Task description >>
Exact reproduction of the data is required, with images excluded.

Recorded data:
- - - -

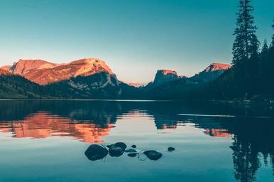 Keywords: lake water landscape nature outdoors reflection mountains trees sunset blue sky rocks
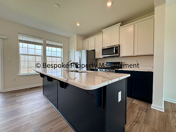 The main level features an open-concept floor plan with a sleek, modern kitchen complete with stainless steel appliances, stylish cabinetry, and plenty of counter space. The kitchen flows into spacious living and dining areas filled with natural lightideal for both relaxing and entertaining.
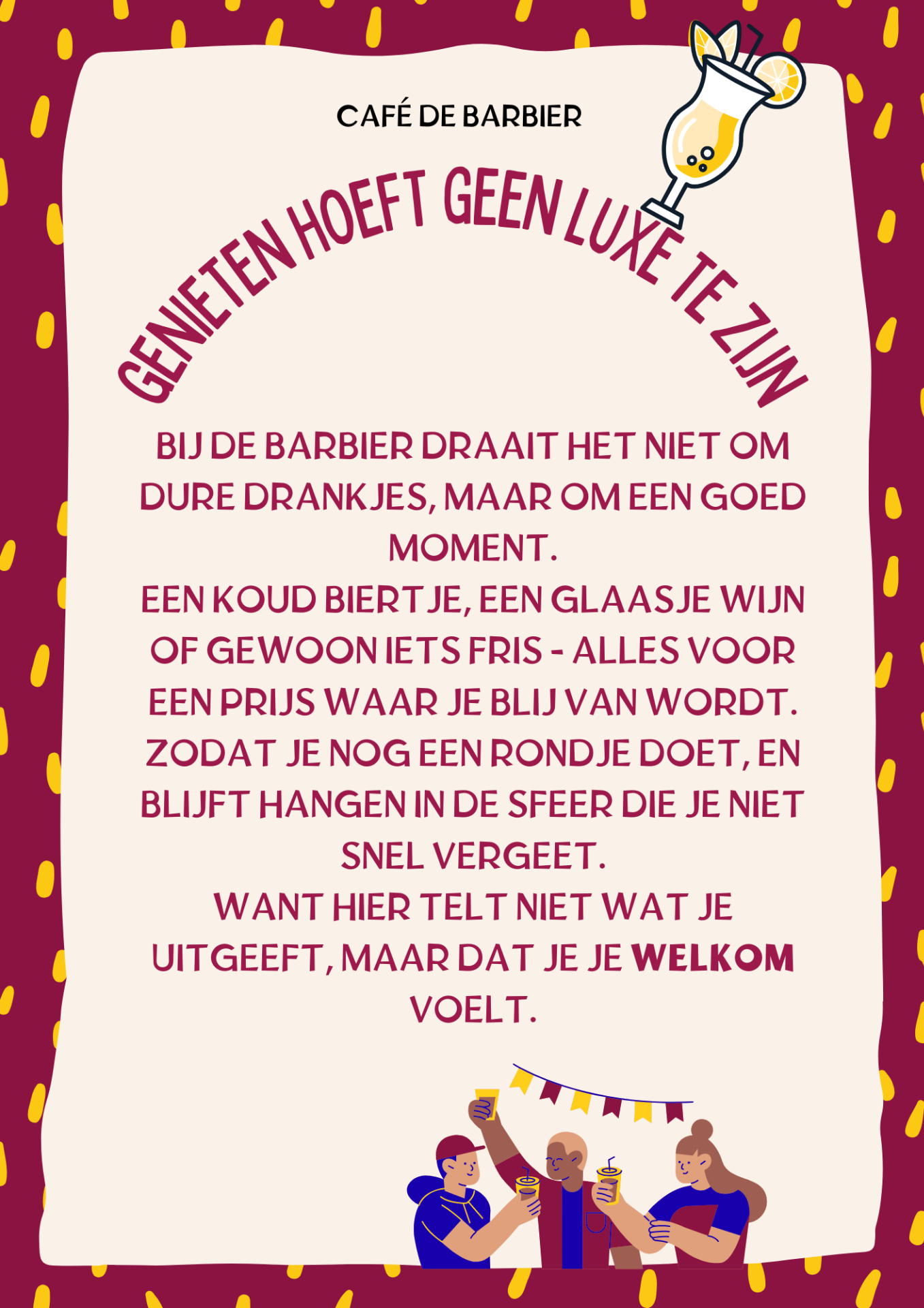 Want bij De Barbier telt niet wat er in je glas zit,
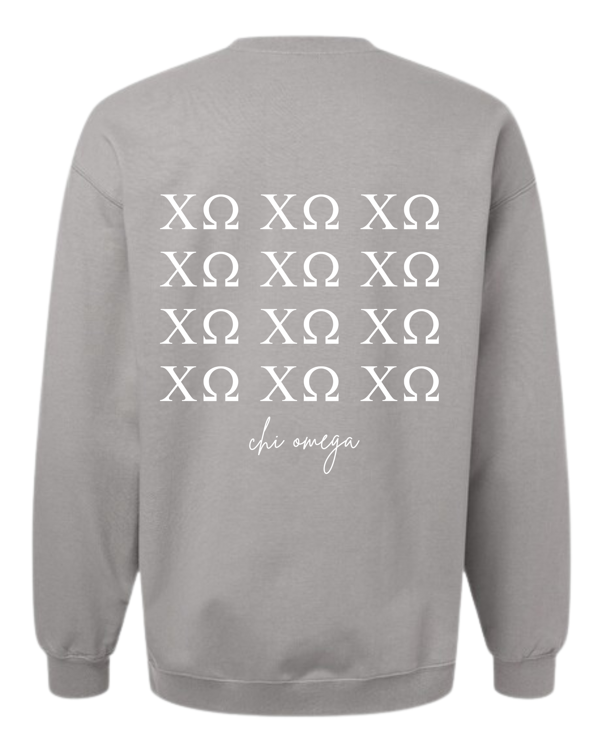 Introducing our new front and back Chi Omega Simple Collection sweatshirt in our gray color. Made with high-quality materials, this sweatshirt is perfect for showing off your Chi O pride while being comfortable and stylish. Stay warm and trendy with this must-have item for any Chi Omega member.
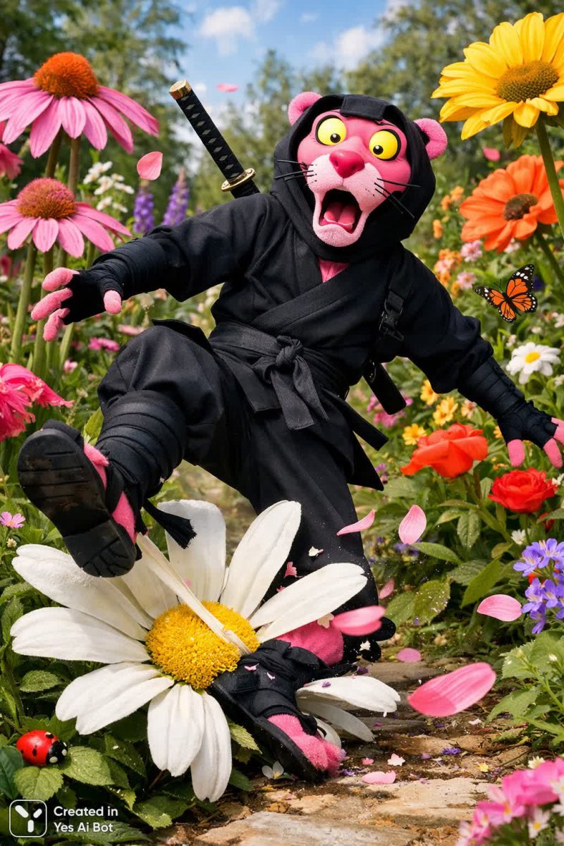 pink panther in a playful ninja outfit sneaking through a garden, comically tripping over oversized flowers, shocked expression, colorful garden backdrop, funny and chaotic atmosphere, humorous.
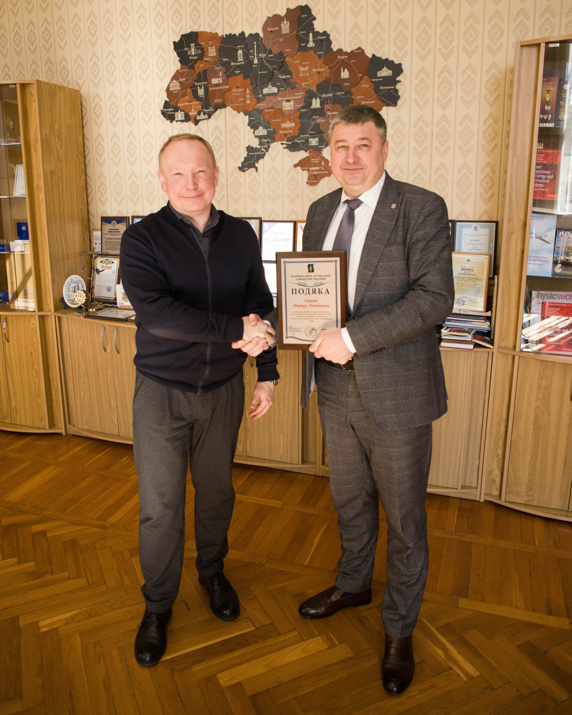 Максим Семенов вручив ректору Віктору Грешті Подяку від голови Національної асоціації адвокатів України за підтримку розвитку адвокатури.
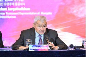 [発表中のジャガルサイカン・エンクサイカン元国連駐在モンゴル大使]
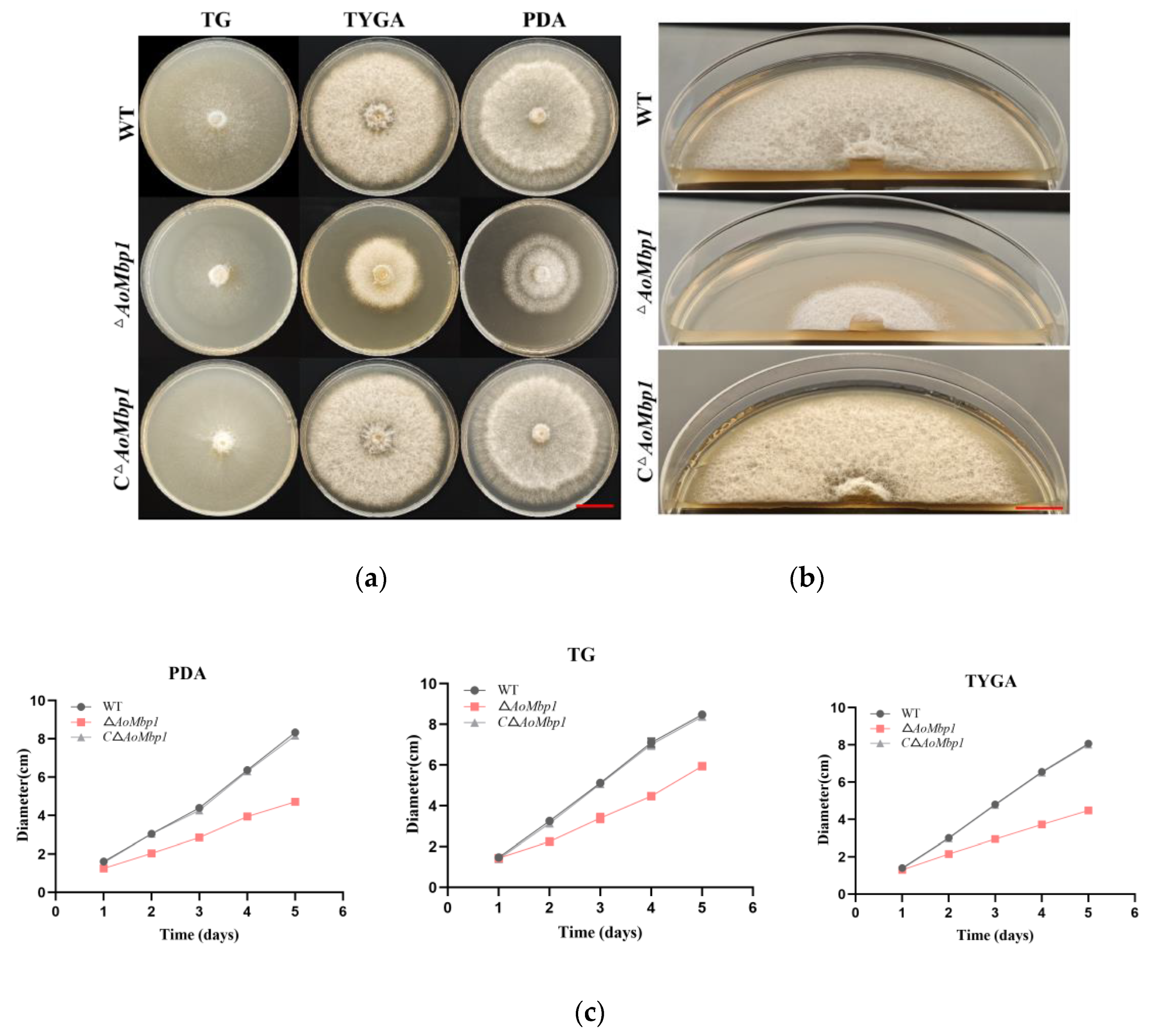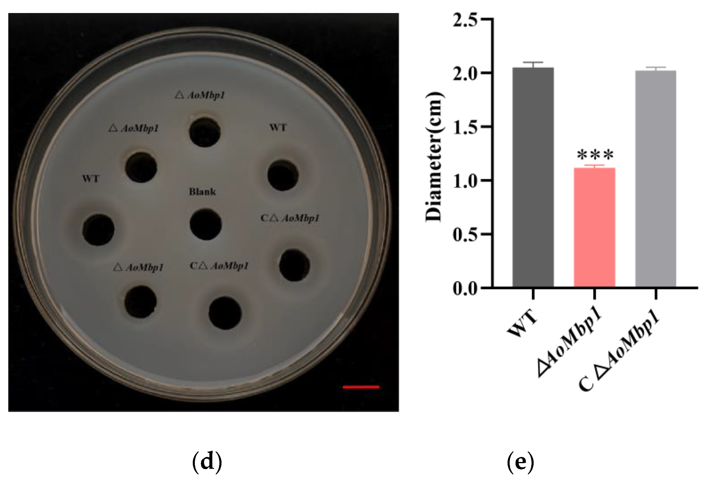 3.2. AoMbp1 Is Involved in the Regulation of Mycelial Growth
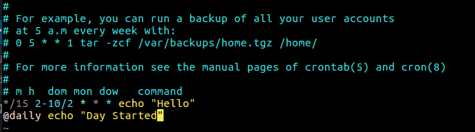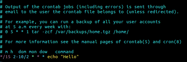 */15 2-10/2 * * * echo "Hello"After adding your entries to the cron file, save the file and exit the editor.
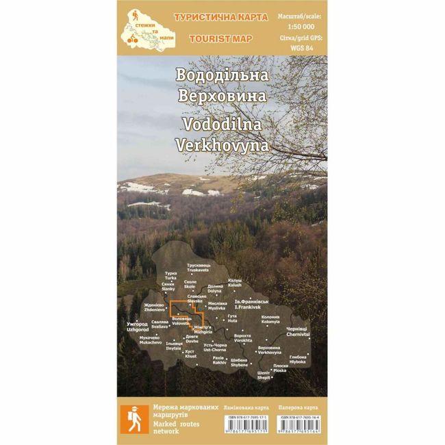 Туристична карта "Вододільна Верховина" - На карті нанесені помарковані на місцевості та плановані до ознакування пішохідні маршрути. Більшість з поданих територій перевірена власними виходами в гори. Дата видання карти — травень 2017-го року (актуалізація картографічної основи 2016-2017 рр).

- - - -

Your solution >>
 Keywords: lake water landscape nature outdoors reflection mountains trees sunset blue sky rocks
 The main level features an open-concept floor plan with a sleek, modern kitchen complete with stainless steel appliances, stylish cabinetry, and plenty of counter space. The kitchen flows into spacious living and dining areas filled with natural lightideal for both relaxing and entertaining.
 Want bij De Barbier telt niet wat er in je glas zit,
 Introducing our new front and back Chi Omega Simple Collection sweatshirt in our gray color. Made with high-quality materials, this sweatshirt is perfect for showing off your Chi O pride while being comfortable and stylish. Stay warm and trendy with this must-have item for any Chi Omega member.
 pink panther in a playful ninja outfit sneaking through a garden, comically tripping over oversized flowers, shocked expression, colorful garden backdrop, funny and chaotic atmosphere, humorous.
 Максим Семенов вручив ректору Віктору Грешті Подяку від голови Національної асоціації адвокатів України за підтримку розвитку адвокатури.
 [発表中のジャガルサイカン・エンクサイカン元国連駐在モンゴル大使]
 3.2. AoMbp1 Is Involved in the Regulation of Mycelial Growth
 */15 2-10/2 * * * echo "Hello"After adding your entries to the cron file, save the file and exit the editor.
 Туристична карта "Вододільна Верховина" - На карті нанесені помарковані на місцевості та плановані до ознакування пішохідні маршрути. Більшість з поданих територій перевірена власними виходами в гори. Дата видання карти — травень 2017-го року (актуалізація картографічної основи 2016-2017 рр).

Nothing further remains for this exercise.